Equality under the law, and equal treatment of individuals without regard for identity are core values of a free society. Equal outcomes among groups cannot be enforced without dismantling freedom and shredding individual rights. The idea that success, wealth, and opportunities should be seized and redistributed to create “equity” is totalitarian and all totalitarian movements, whether they’re found on the Left or the Right, whether they’re antiracist or white-nationalist are, in the end, alike. That’s why their propaganda looks the same.

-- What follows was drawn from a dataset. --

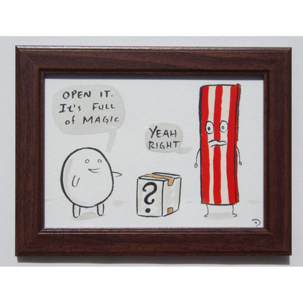 Mixed media tends to refer to a work of visual art that combines various traditionally distinct visual art media. For example, a work on canvas that combines paint, ink, and collage could properly be called a "mixed media" work. When creating a painted or photographed work using mixed media it is important to choose the layers carefully and allow enough drying time between the layers to ensure the final work will have integrity. If many different media are used it is equally important to choose a sturdy foundation upon which the different layers are imposed. Many interesting effects can be achieved by using mixed media. Often, found objects are used in conjunction with traditional artist media, such as paints and graphite, to express a meaning in the everyday life. In this manner, many different elements of art become more flexible than with traditional artist media. Welcome to the World of Mr Toast. Here you will find the life and adventures of Mr Toast and all his friends. Some of his friends include Lemonhead, Shaky Bacon, Mope the Onion and his best friend Joe the Egg. On this site you will find humurous animations, weekly comics and all manner of painted and drawn artwork. If you find yourself enjoying Mr Toast, you might want to order a book or a doll so you can enjoy him at home or share him with a friend. My name is Dan Goodsell and I'm the creator and artist of all the artwork you will find on this site. I live in Los Angeles, California and will be happy to answer any questions you might have about me or my artwork. Hours: Wed - Sun: 11 AM - 6 PM Mon & Tues: Closed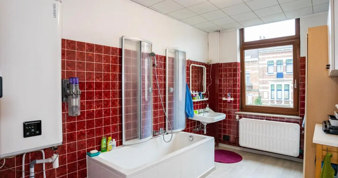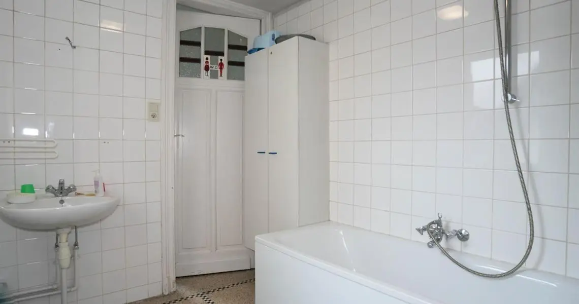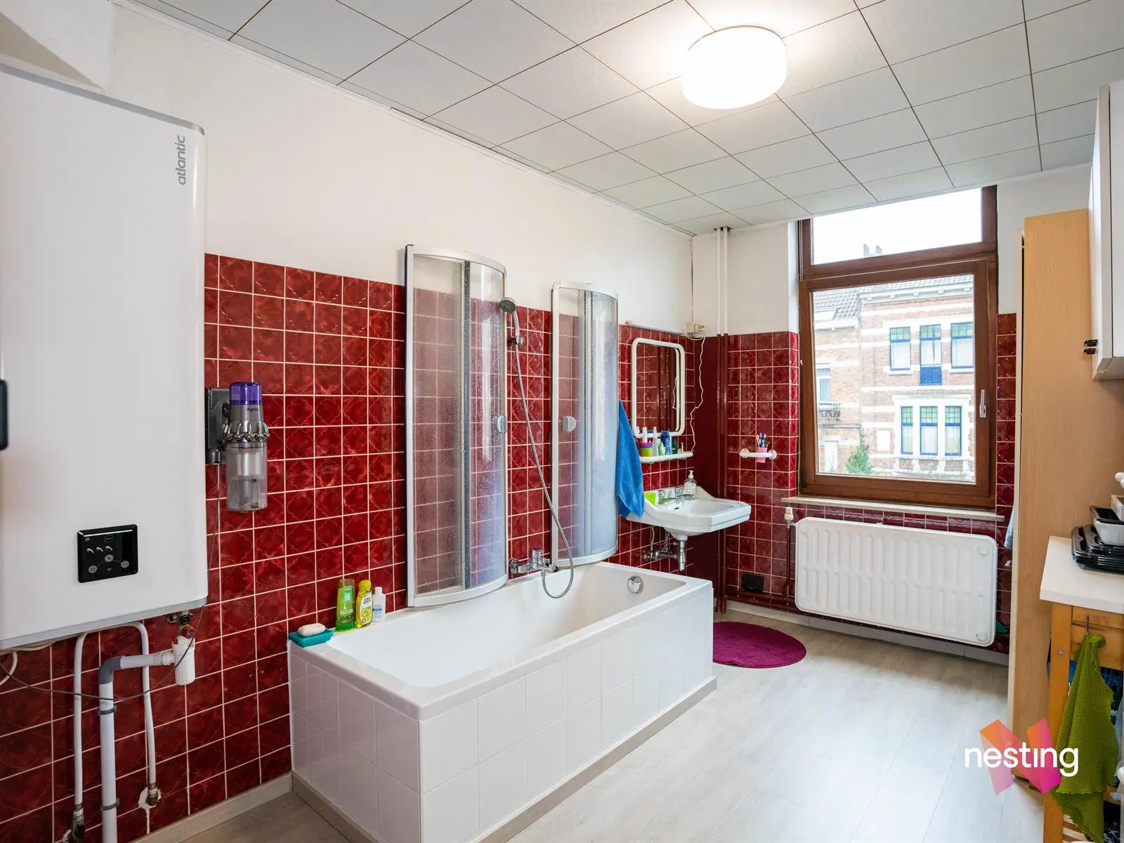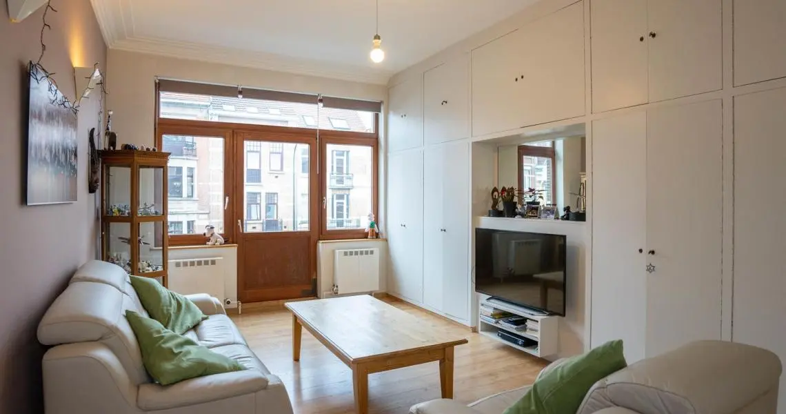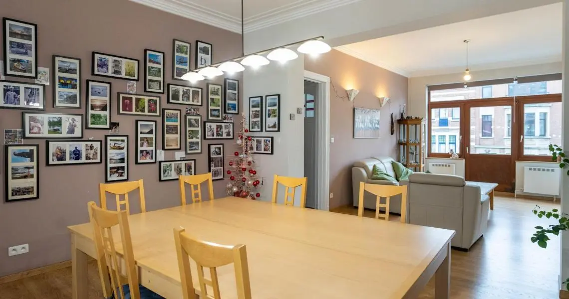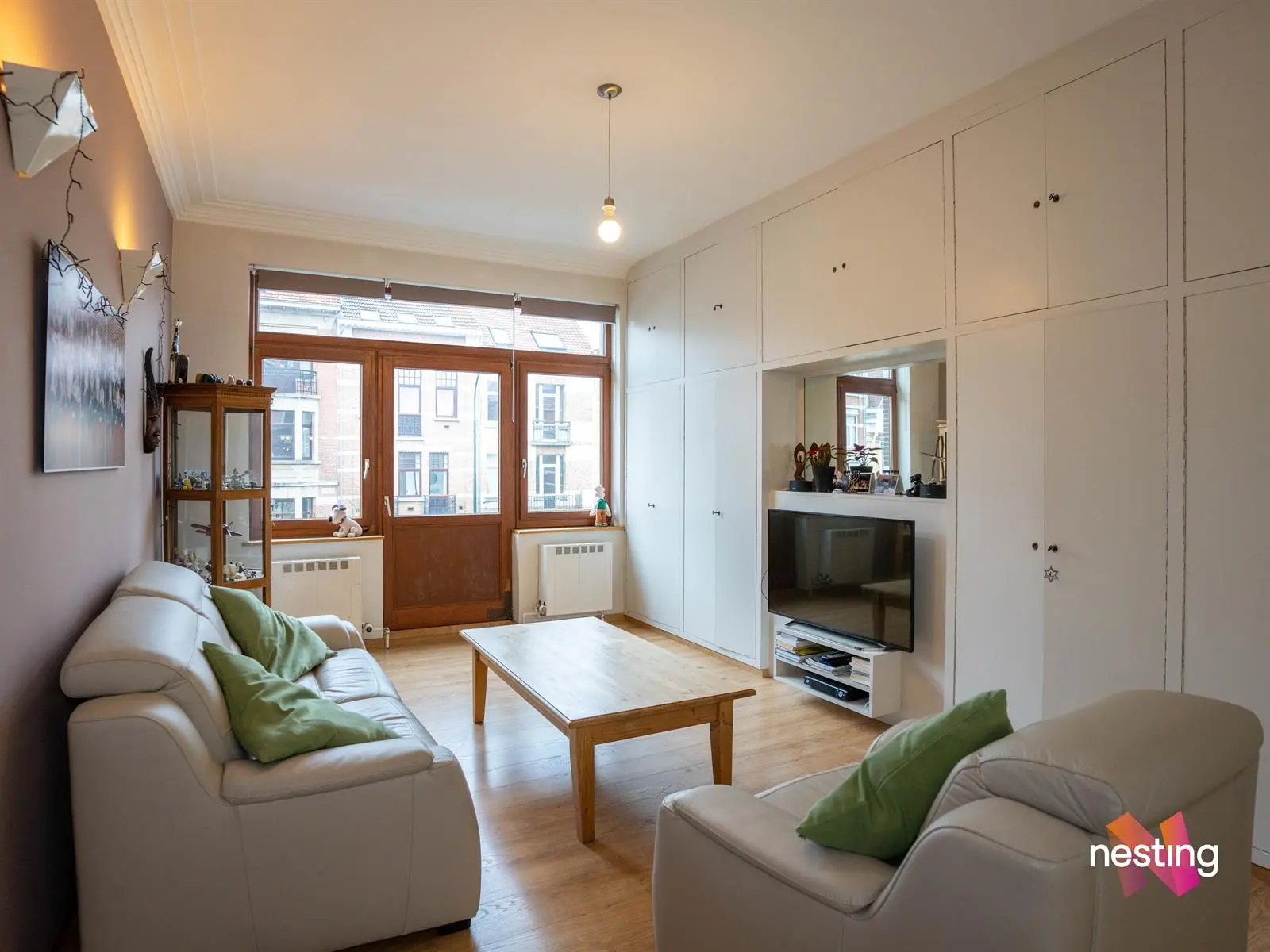 au 1er étage : une salle de bains, une grande pièce à vivre de +- 40m2 lumineux avec balcon, un wc séparé et une cuisine super équipée (+- 10 ans).

There’s no such thing as too many Jews among the “faces of power.” There’s no such thing as too many Asians at Harvard or Stuyvesant or Thomas Jefferson or Lowell. There’s no such thing as too many Nigerians at Cornell. Jewish success is good. Asian American success is good. Immigrant success is good. Using power to dismantle success, to bar people from success, or to confiscate and redistribute success is bad. Everyone should be treated as an individual, and all individuals should be able to succeed to the limits of their talent without anyone complaining that too many people who look like them are succeeding. There is no such thing as antiracist discrimination because all discrimination is racist. And anyone who keeps lists of Jews is probably doing it for bad reasons.